Friday, November 21, 2008

More Details in Siegelman Case Revelations

This NY Times story is mostly a re-tread of the Time article we already discussed last week, but there is some additional detail that's worth highlighting. First, on Leura Canary's continuing involvement in the case:

...in her complaint, the Justice Department employee, Tamarah T. Grimes, cited several instances suggesting Ms. Canary maintained a close watch on the case. Ms. Grimes said a legal aide in the office reported on Mr. Siegelman’s trial to Ms. Canary or her top deputy “every day, sometimes several times per day by telephone.” Once, she observed Ms.
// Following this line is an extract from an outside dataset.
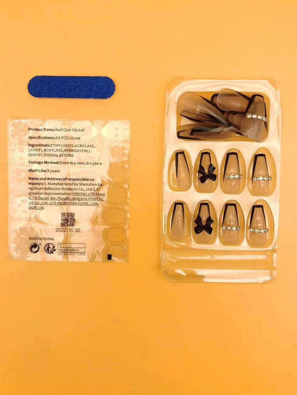ROMWE Kawaii 24 peças Comprido Caixão Decoração de arco Unha Falsa & 1peça Lixa

Canary “frantically pacing in the executive suite” after a courtroom blowup, “pleading with someone” to get on the phone to “tell Louis he has to control his temper.”
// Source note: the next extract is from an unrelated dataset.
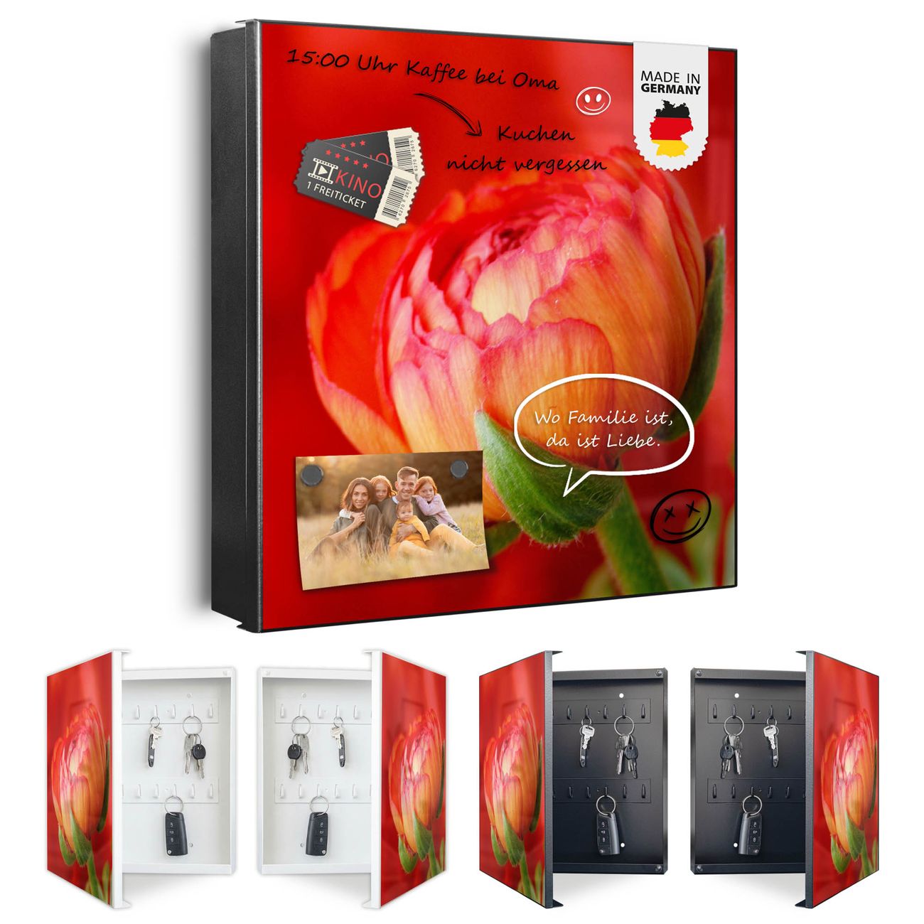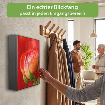 Bringe Ordnung und Eleganz in deinen Eingangsbereich mit dem banjado Schlüsselkasten Motiv Motiv Ranunkel. Die moderne Schlüsselbox kombiniert funktionales Design mit hochwertiger Verarbeitung und wird so zu einem echten Hingucker in Flur, Büro oder Ferienwohnung. ✅ Stilvolle Schlüsselaufbewahrung mit Motiv Motiv Ranunkel Der Design-Schlüsselkasten Motiv Motiv Ranunkel bietet Platz für bis zu 32 Schlüssel, die auf 4 stabilen Reihen mit je 8 Haken übersichtlich verstaut werden. Mit seinen kompakten Maßen von 30 x 30 x 5 cm passt die Schlüsselbox perfekt auch in kleinere Räume. Der schwarz lackierte Stahlkorpus mit links angeschlagenem Türscharnier harmoniert mit gedruckten Folie auf der Front und fügt sich nahtlos in jedes Wohnambiente ein. Ob als Schlüsselorganizer für Zuhause oder als praktische Lösung für Büros, Praxen und Gewerbe, der banjado Schlüsselkasten sorgt für Ordnung und Übersicht. Dank der magnetischen, mit Kreidestiften beschreibbaren Folie auf der Front kannst du Notizen anheften oder Termine direkt auf der Oberfläche festhalten. Die Schlüsselbox Motiv Motiv Ranunkel zur Wandmontage wird inklusive Befestigungsmaterial geliefert und ist schnell angebracht. So hast du deine Schlüssel jederzeit griffbereit und zugleich stilvoll verstaut. Mit diesem banjado Schlüsselkasten Motiv Motiv Ranunkel kombinierst du praktische Aufbewahrung mit stilvollem Wohndesign. Ob privat oder geschäftlich, die Schlüsselbox sorgt für mehr Ordnung, Übersicht und ein wohnliches Ambiente.Vorteile im Überblick

Ms. Grimes also disclosed an e-mail message written by Ms. Canary commenting on legal strategy in the case and suggesting to aides that Mr. Siegelman not be allowed to “comment on court activities in the media.” Ms. Grimes, who is also in a dispute with the department related to her accusations that the Siegelman prosecution team had harrassed her, cited the affidavit of a former legal aide in the Montgomery office, Elizabeth Jane Crooks, who wrote that “the morning that the trial started, the U.S. attorney herself carried food and beverage over to the courthouse to support the ‘Trial Team.’ ”

Mrs. Canary obviously has a different definition of "recusal" than is commonly accepted by most courts and attorneys, one that apparently permits her to say intimately involved in the case.
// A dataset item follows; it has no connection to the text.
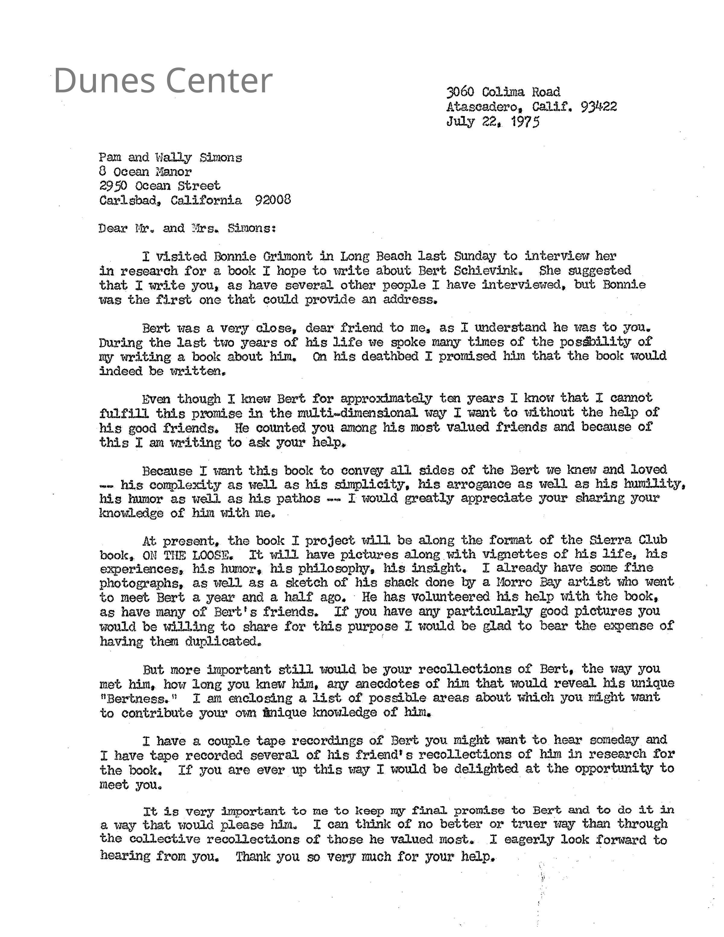 Letter to Pam and Wally Simons asking for information about Bert Schievink

And on the contacts between jurors and the prosecution team:

And the formal complaints by the employee, a legal aide in office of the United States attorney in Montgomery, Ala., have brought to light an episode in the 2006 bribery and corruption trial that Mr. Siegelman’s lawyers now say could have led to a key juror’s removal: flirtatious messages sent by jurors to the prosecution about the marital status of an F.B.I. agent who was working with prosecutors. Other jurors have said they felt pressured by the judge to reach a decision in order to go home, and said some jury members read about the case on the Internet during the trial.

The Justice Department investigated the issue of contact between the jury and the prosecution and dismissed it as “rumors.” The Judiciary Committee, however, pointed out that investigators failed to interview key witnesses, including jurors and the United States marshals who might have been the conduits for their “social messages,” in the committee’s words.

...Ms. Grimes cited an e-mail message sent during the trial that appears to show a juror or jurors developing a romantic interest in an F.B.I. agent, Keith Baker, who sat near prosecutors, and sending the prosecution messages about his marital status.

So the lead prosecutor who recused herself didn't actually recuse herself, members of the jury wanted to be playing footsies with an FBI agent on the prosecution's side, the prosecution felt no need to mention any of this, and DOJ felt no need to investigate it competently or reveal that they already knew all of this Congress asked DOJ officials about it last year. Obstruction of justice? Possibly. Perversion of justice? Certainly.